Then, threshold value is set and low-dimensional real number is showed V=[v 1..., v n] convert binary code to: if in vector v nin f element larger than threshold value, this real number value is set to 1, otherwise is 0, wherein f=1 ..., d and n=1 ..., N;
In the above process, the binary code of training intensive data can only be obtained.Therefore, a new sample, directly cannot obtain hash function.In the present invention, due to the environment of binary code, in test sample book, Hash codes can be calculated by probability of use statistical classification model-logistic regression, namely before obtaining logistic regression function, binary code representation be become wherein and n=1 ..., N; Therefore training sample can be expressed as correlation regression matrix θ based on d × d can be expressed as
Wherein 1 is the matrix of N × 1, uses as the regularization term avoiding over-fitting in logistic regression;
Again by linear mapping matrix the low-dimensional obtaining real number represents, because it is sigmoid function; Hash codes for new sample can be expressed as:
Wherein illustrate each input all get nearest integer function; Defining binary threshold value is 0.5, if therefore from bit be greater than 0.5, can 1 be expressed as, otherwise be 0, thus obtain the SSPH code of training sample and test sample book.
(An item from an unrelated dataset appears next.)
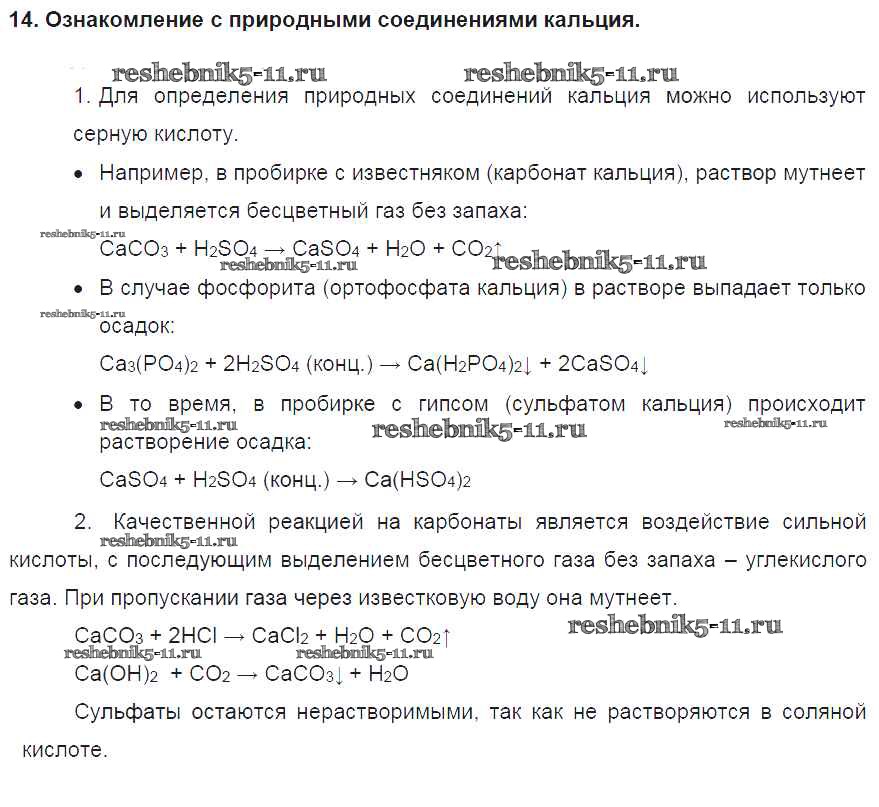 Готовая домашняя работа с ответами по Химии за 9 класс Рудзитис, Фельдман Учебник УМК Просвещение 2016 ФГОС - Лабораторные опыты 14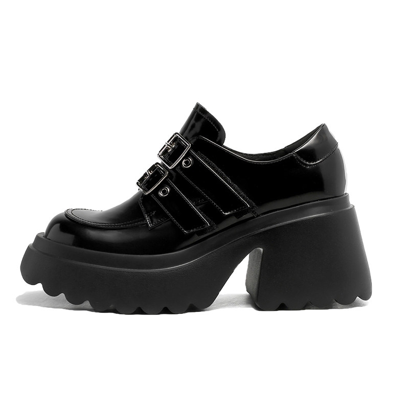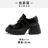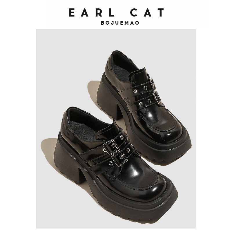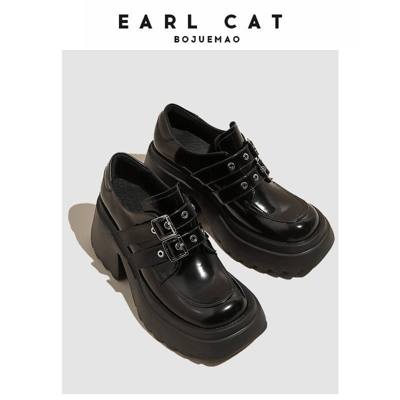 伯爵猫 Весенняя высокая обувь в английском стиле на платформе с низким вырезом для кожаной обуви, в британском стиле, 2024 года, тренд сезона

The present invention is in the middle of above-mentioned application, and 10K the data point randomly drawed is by as test sample book, simultaneously remaining by as image data base in database.In the process of training, if data point is positioned at front 2 percent of most phase near point, these points will be denoted as 1, otherwise are 0.In the process of test, if the point returned is front 2 percent the most close, it will be considered to close neighbour.Because the arrangement mode of Hamming distance is very fast in Hash codes application, Hamming can be used to sort and to go to measure retrieval tasks.Application result is by Average Accuracy and look into accurate and recall curve to judge.Result shows, random structure conformal Hash information search method (SSPH) method all the time higher than other in the accuracy rate of different code length of the present invention.
Compare 10 comparatively popular Hash information search methods further, comprise LSH, BSSC, RBM, SpH, STH, AGH, KLSH, PCAH, KSH and CH, these 10 methods all can compare in different code lengths that is 32,48,64 and 80; In each database, random structure conformal Hash information search method (SSPH) of the present invention can from 0.01,0.02,0.03 ... until choose the learning rate of a value as cross validation in 0.10, regularization parameter is confirmed as 0.35.
In two large database concepts, as can be seen from Figure 3, random structure conformal Hash information search method (SSPH) of the present invention has best effect compared with other art methods.Simultaneously, in SIFT1M and GIST1M database, code length is the Average Accuracy of 32 and 48bits, the comparison parameter of its training time and test duration is as shown in table 2, in the training time, SSPH of the present invention is more more effective than STH, KSSH and BSSC, so it is a kind of highly effective method that SSPH is applied in large-scale data retrieval.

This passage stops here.